Single by Bernard Cribbins
- B-side: "One Man Band"
- Released: 15 December 1962
- Studio: Abbey Road Studios
- Genre: Calypso, novelty
- Label: Parlophone
- Songwriter: Trevor Peacock
- Producer: George Martin

Bernard Cribbins singles chronology
| "Right Said Fred" (1962) | "Gossip Calypso" (1962) | "The Bird On The Second Floor" (1963) |

= Gossip Calypso =

"Gossip Calypso" is a novelty calypso song written by Trevor Peacock. It was recorded by Bernard Cribbins and released by EMI on the Parlophone label in 1962. The musical accompaniment was directed by Johnnie Spence, and the producer was George Martin. It reached number 23 in the UK Singles Chart, and was Cribbins' third top 30 hit of the year.

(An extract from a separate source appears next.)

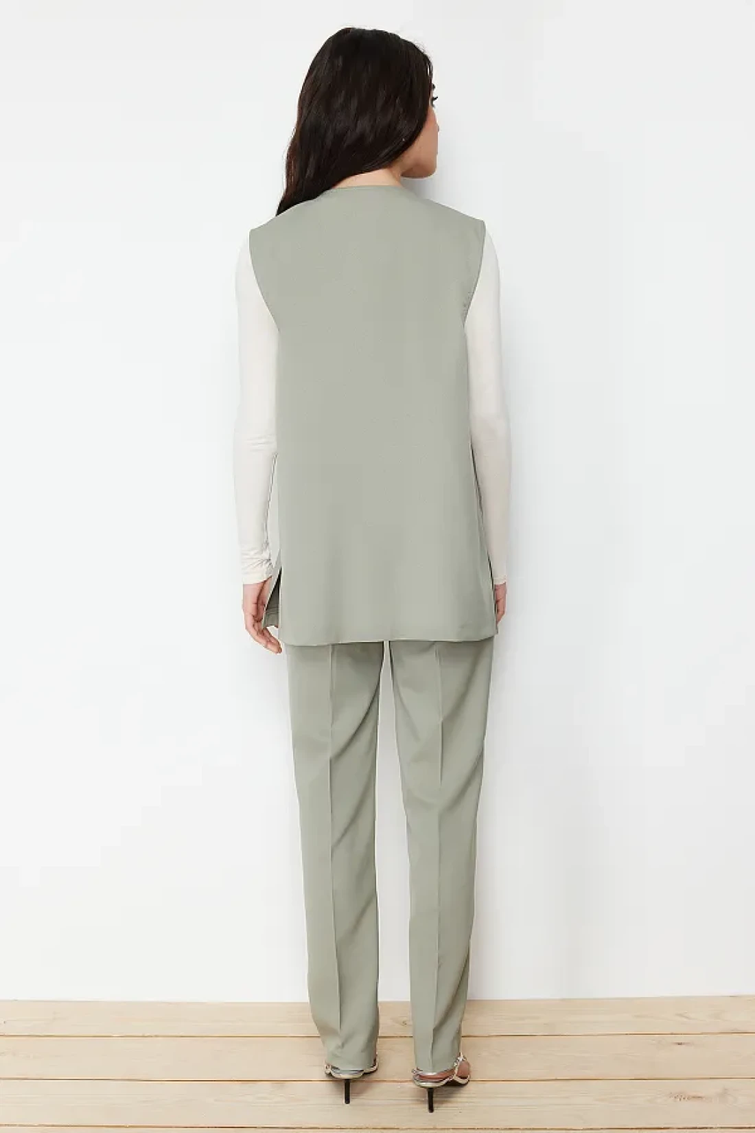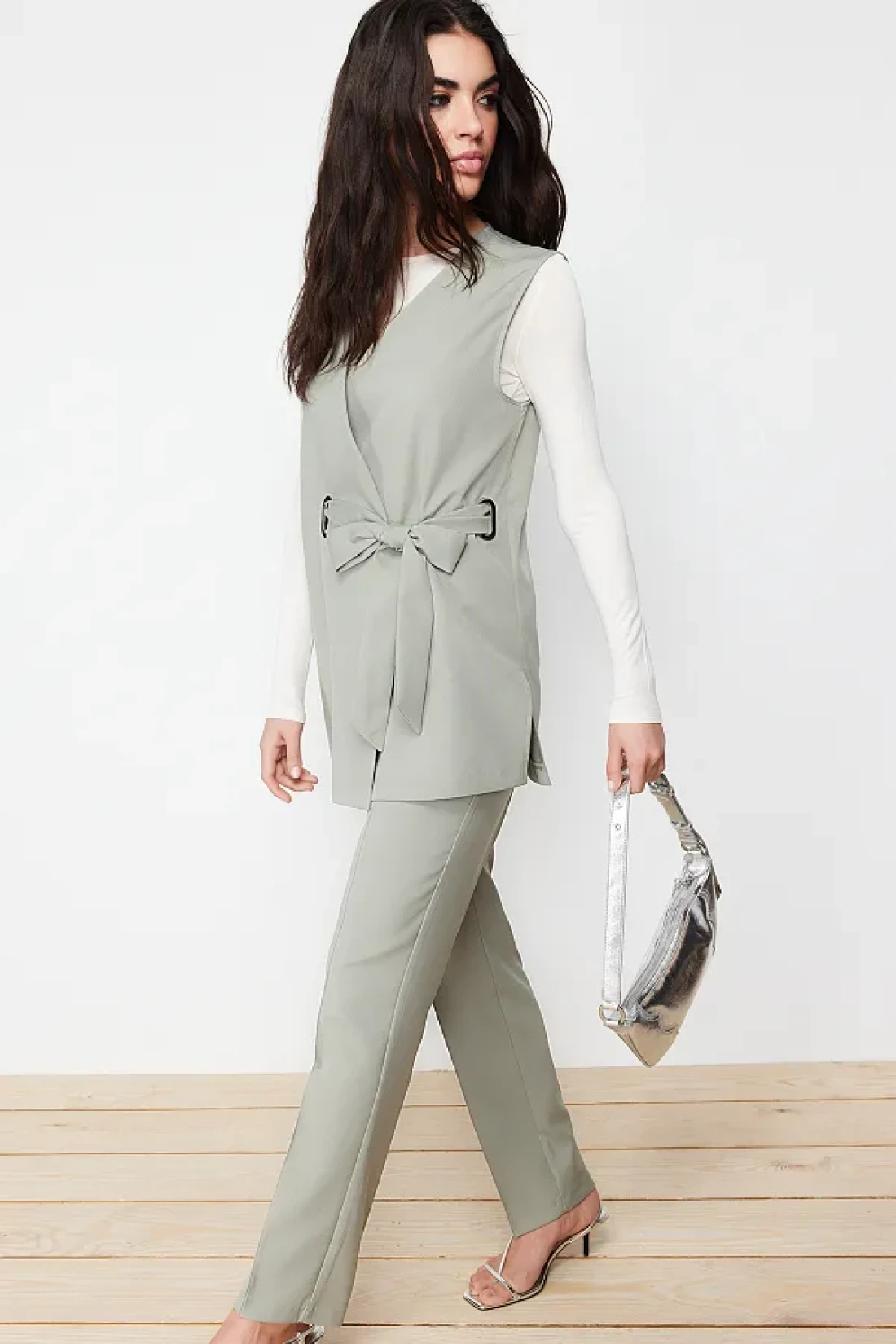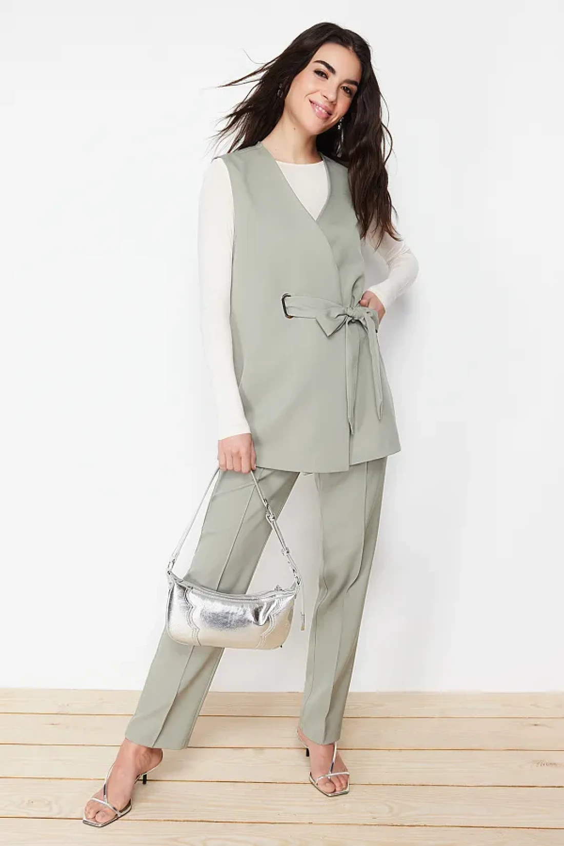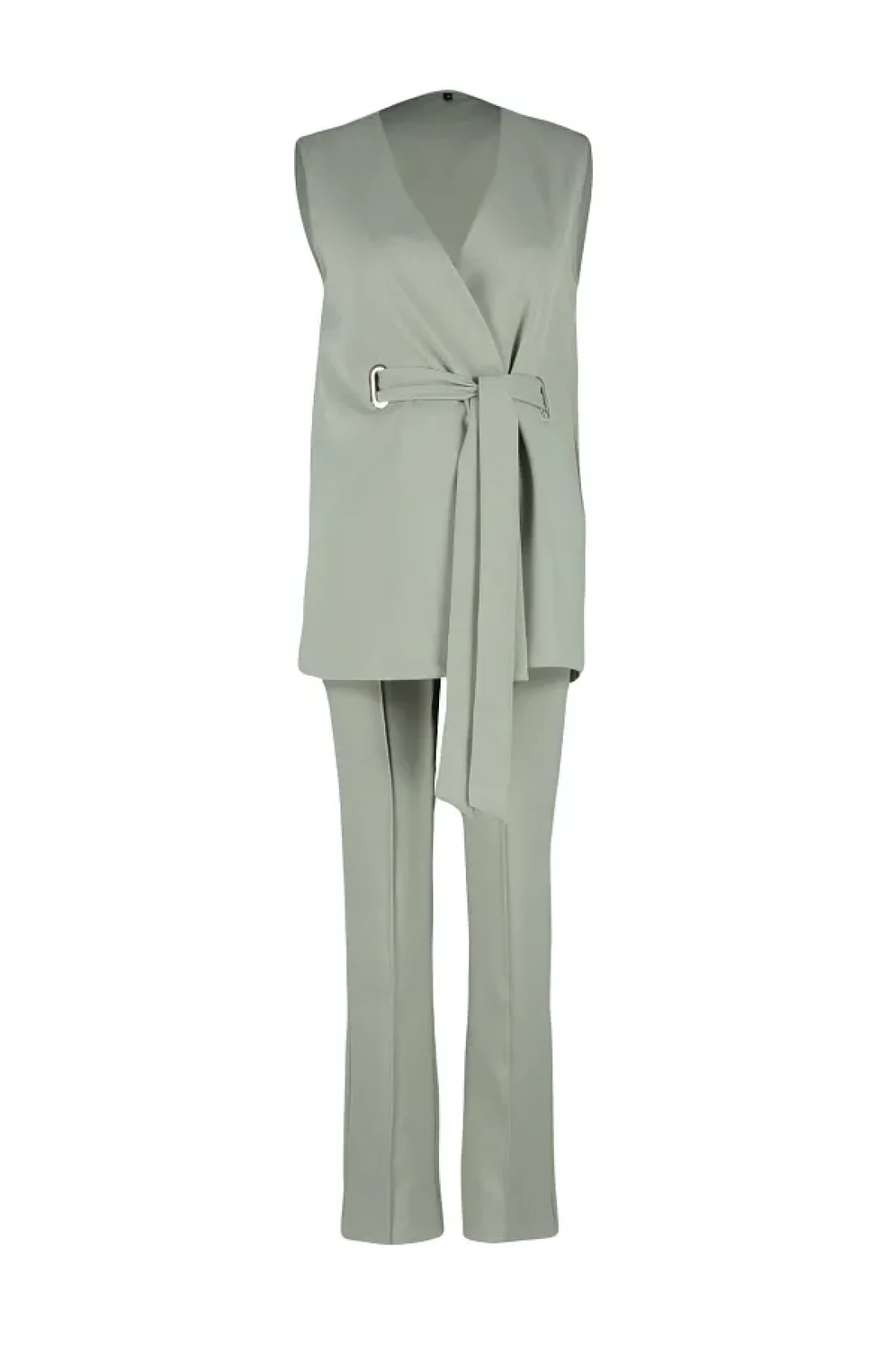 Modest Khaki Accessory Detailed Woven Fabric Vest Trousers Top and Bottom Set TCTSS24US00035

The lyrics repeat the conversations between several female neighbours describing the latest news of themselves, their families and other neighbours, joined by the chorus:
Gossip calypso
Gossip calypso
Hear all about it
Yak, a-yak, yak

Every woman
Up at the window
Giving out the gossip and
Getting it back

The slang used and names and situations mentioned imply the neighbours are in Britain rather than the Caribbean. The song is part of the early 1960s British calypso craze.